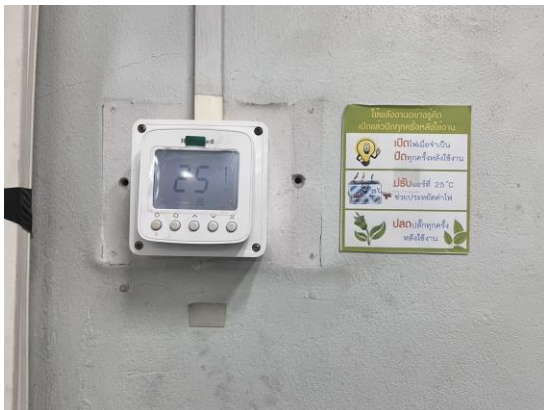
รูปที่ 2-3 แสดงป้ายประชาสัมพันธ์การประหยัดไฟฟ้า และตั้งอุณหภูมิ 25 องศาเซลเซียส
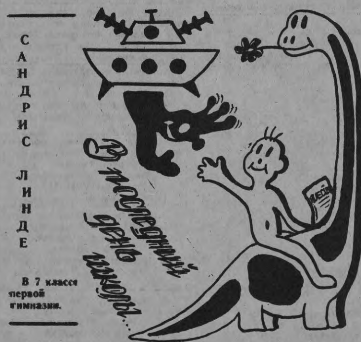
В 7 классе первой гимназии.

Фантазия необходима как в математике, так и в искусстве. Это ни для кого не секрет. В целях сохранения столь нужного умения фантазировать создан Елгавский клуб фантазеров. Здесь вы найдете фантастические сказки своих ровесников, и рисунки, и интересные задачи на сообразительность. Если ты сам рисуешь или пишешь, а может быть, просто фантазируешь, пришли письмо по адресу: Елгава, ул. Видус, 43, «САМ», индекс 229608.
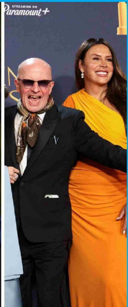
► Los actores Demi Moore, Timothée Chalamet, y el director Jacques Audiard junto a la actriz Karla Sofia Gascón.
:::::
[WHAT THE TASK REQUIRES]
Omit the pictures, then output the rest of the listing exactly.

[ANSWER]
รูปที่ 2-3 แสดงป้ายประชาสัมพันธ์การประหยัดไฟฟ้า และตั้งอุณหภูมิ 25 องศาเซลเซียส
В 7 классе первой гимназии.

Фантазия необходима как в математике, так и в искусстве. Это ни для кого не секрет. В целях сохранения столь нужного умения фантазировать создан Елгавский клуб фантазеров. Здесь вы найдете фантастические сказки своих ровесников, и рисунки, и интересные задачи на сообразительность. Если ты сам рисуешь или пишешь, а может быть, просто фантазируешь, пришли письмо по адресу: Елгава, ул. Видус, 43, «САМ», индекс 229608.
► Los actores Demi Moore, Timothée Chalamet, y el director Jacques Audiard junto a la actriz Karla Sofia Gascón.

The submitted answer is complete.